Christian Influencer Gets Backlash for Calling Yoga Barbie ‘Demonic’
A Christian influencer who shares her faith perspectives on social media is under fire for warning that yoga, specifically a yoga-themed Barbie doll that is advertised as leading children through “guided meditations,” isn’t a good idea for children.
The New York Post said the influencer, Yasmeen Suri, who also is an author, speaker and singer, recently posted a warning about a “Breathe With Me” Barbie.

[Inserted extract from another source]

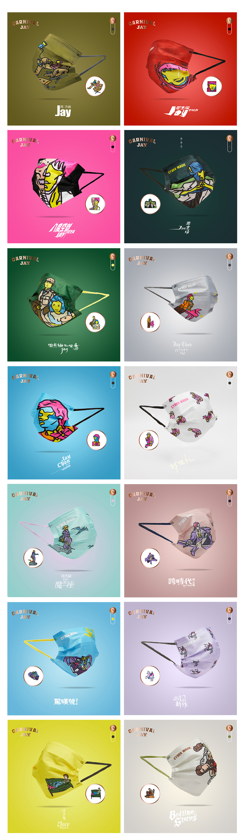 周杰伦嘉年华口罩纪念礼盒(14张专辑封面设计/56片装)

The Post said she’s now “being trolled” on social media, and explained the mockery included a statement form “Eva De Metal,” who said, “This is why is (sic) SUPER IMPORTANT to ask for help when your (sic) are having problemas (sic) with your mental health…”
Suri, while expressing a perspective that certainly triggers the “tolerance” sensors among leftists, wasn’t entirely new in her perspective.
Her comments, which drew 73,000 likes and 47,000 shares as of Monday, said such influences could lead children to be “possessed by demons.”
Mattel, maker of the doll, said it is to help children “practice self-care” and “inspire mindfulness.”
In boxes in stores, the doll sits cross-legged next to a dog, and wears a crescent moon-shaped necklace charm with a button that, when pressed, recites guided meditations.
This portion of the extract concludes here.